Ha tardado mucho tiempo en abrir. Demasiado tiempo para esperar a la puerta, expuesto a la mirada desvelada de algún vecino. O al punto de mira de su escopeta.
Ya valgo cien mil pesetas, vivo o muerto.
Cuando al fin aparece, somnoliento y a medio vestir, don Félix contempla con sorpresa la soledad de la noche frente a su puerta. Desde lo alto de la escalera -la mano en la barandilla: piedra sobre la piedra-, el viejo médico escruta temeroso las sombras de los chopos y el temblor de la luna sobre la carretera.
De inmediato comprende que yo estoy aquí.
– Te pedí que no volvieras más.
Don Félix ha buscado un abrigo y ha salido por detrás de la casa a encontrarse conmigo junto al lavadero: en el establo vacío, roído por la hiedra, donde años atrás encerraba el caballo con el que recorría los pueblos del contorno en sus visitas médicas. Y donde una noche de nieve, a la luz de una vela y con ayuda de su esposa, me extrajo de la rodilla la bala qué me la destrozó en la refriega que sostuvimos con los guardias la noche que bajamos a La Llánava a buscar al hermano de Ramiro.
Pero, ahora, don Félix, retirado de la profesión, camino ya de los setenta años, sólo aspira a vivir sin sobresaltos sus últimos días cuidando las flores de su invernadero.
– Necesito su ayuda, don Félix. De lo contrario, no hubiera venido.
Don Félix se me queda mirando desde el fondo de unos ojos velados por la noche y por el miedo. Don Félix se me queda mirando como si nunca antes me hubiera visto.
– Ramiro está enfermo -le explico-. Se clavó una lata oxidada en el pie y lleva un día entero comido por la fiebre, delirando. La herida tiene muy mal aspecto: está negra, como podrida. Tengo miedo de que se le haya gangrenado.

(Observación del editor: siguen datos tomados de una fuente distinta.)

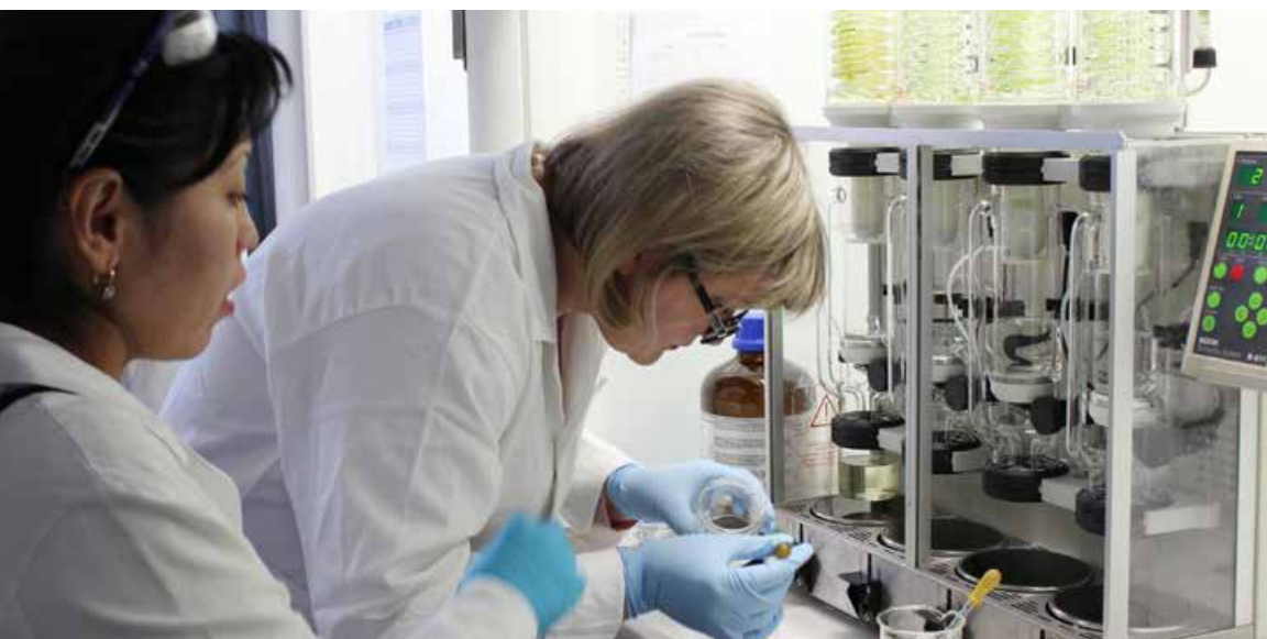
TRAINING ON IDENTIFICATION OF POPs.
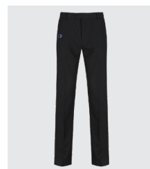
Trousers or Skirt
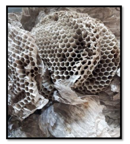
Figure 4: Complex pockets of life (Wasp nest)

I needed to create art in response to these new understandings. I headed out on my snowshoes and later wrote the following: "Today while hiking I came upon a large wasp nest hanging from the limb of a maple tree, thirty-five feet above the path, I wondered if I could retrieve the nest?" ( Reflexive journal , January 2021). I tentatively crawled up a tall ladder and using a long pole, dislodged the vacated nest to the earth. Inside I excitedly exposed three layers of hexagon-shaped paper, each held with a firm stalk (the cells are created from wasp activity, wood cellulose and saliva) (See Figure 4) (Sciencing, 2021).
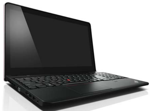
Lenovo ThinkPad Edge E540 with Touch Screen
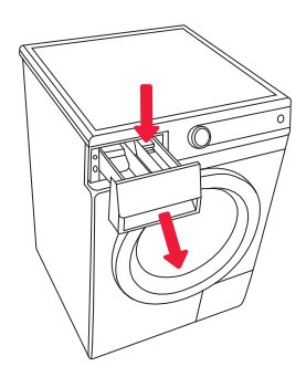
To remove the dispenser tray from the housing, press the small lever.
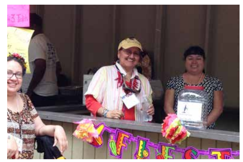
Volunteers at SAILS Fiesta Resource Fair
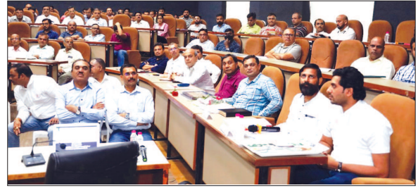
LUB's Valsad District Unit of Gujarat State conducted a Successful Event on Startup Policy and Government e-Marketplace Portal.
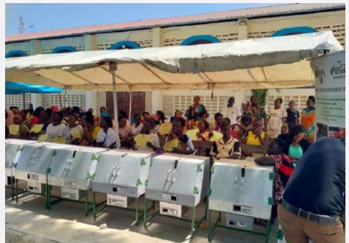
Groups of 12 caregivers who were gifted ovens to start off fortified baking.

We have worked to build their capacity through training in urban farming, food processing, charcoal briquette making (as a form of clean energy), business development skills, and mental health support. We worked to provide food processing and multi-story garden start-up kits to improve their food security, enhance their participation in climate action, increase their income, and reduce poverty.
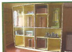
Community Medicine Department
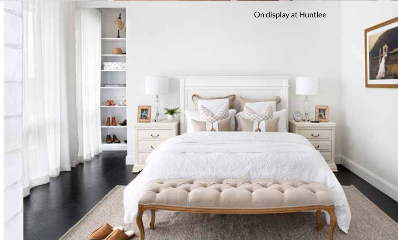
On display at Huntlee
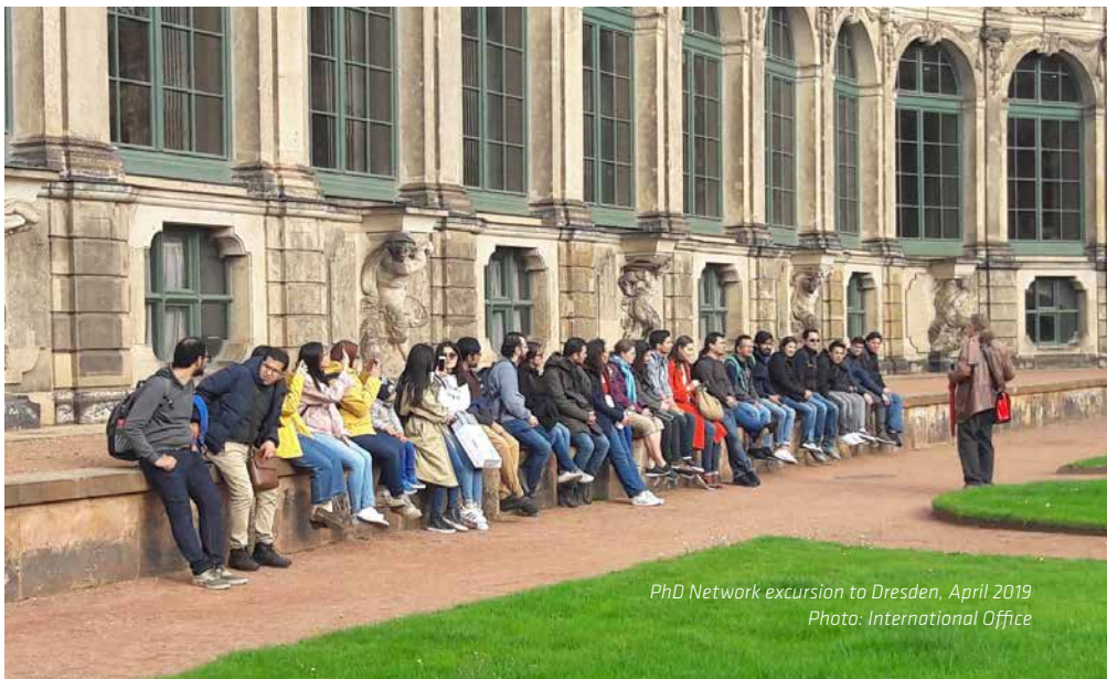
PhD Network excursion to Dresden, April 2019
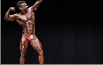
Body Building Training Class
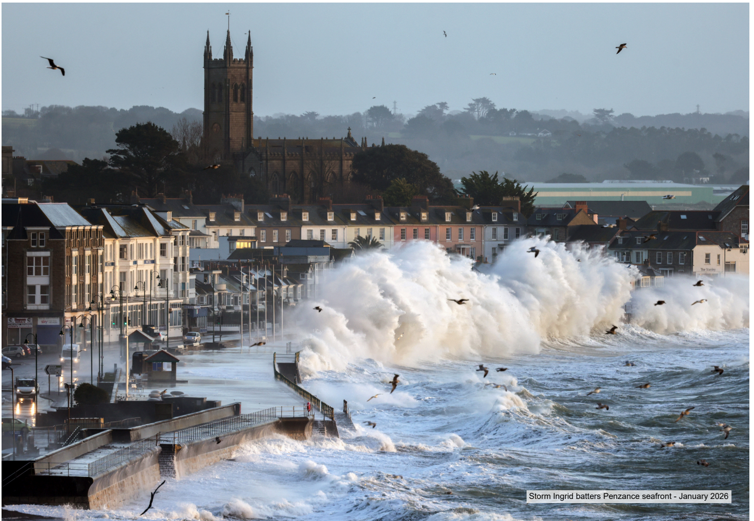
Storm Ingrid batters Penzance seafront - January 2026

However, regardless of whether Penzance is shortlisted or not, the process has already initiated valuable conversations about how to develop and celebrate the cultural offering of our unique town.
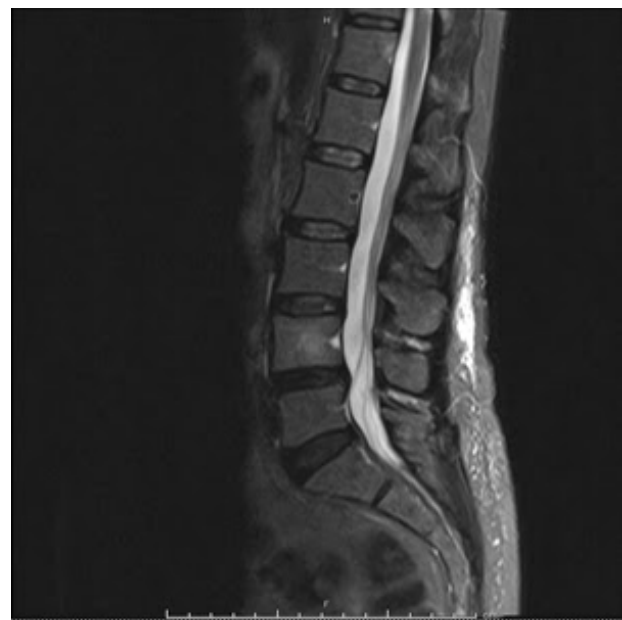
Figure 2. MRI of lumbar and sacral spine without pathologic fractures or spinal cord compression.

Pero la respuesta de don Félix es seca. Quizá, por inesperada, aún más rotunda:
– Lo siento, Ángel. Yo ya no soy médico.
Lo ha dicho sin expresión alguna, hundido en su viejo abrigo, hundido en el rincón del establo vacío.
– Yo ya no puedo ayudaros -se disculpa.
Y desvía sus ojos de los míos.
Inútilmente trato de hallar, entre todas, esa palabra capaz de convencerle. En seguida comprendo que don Félix está ya desde hace años decidido. Él es consciente de que la ayuda que en otro tiempo nos prestó y la propia indefensión de su vejez le protegen de cualquier represalia nuestra y yo también comprendo -aunque ahora quiera resistirme a hacerlo- que el año de cárcel a que fue condenado por ayudarme haya llenado de miedo su corazón.
Pese a ello, insisto todavía:
– Ramiro puede morir.
Pero don Félix ni siquiera responde. Me mira en silencio con expresión vacía. Me ve salir del establo sin despedirme.
Me ha alcanzado en la carretera, todavía cerca del pueblo.
Don Félix viene jadeando por el esfuerzo:
– Ángel.
He estado a punto de disparar sobre él. Afortunadamente, le he reconocido a tiempo: por el abrigo.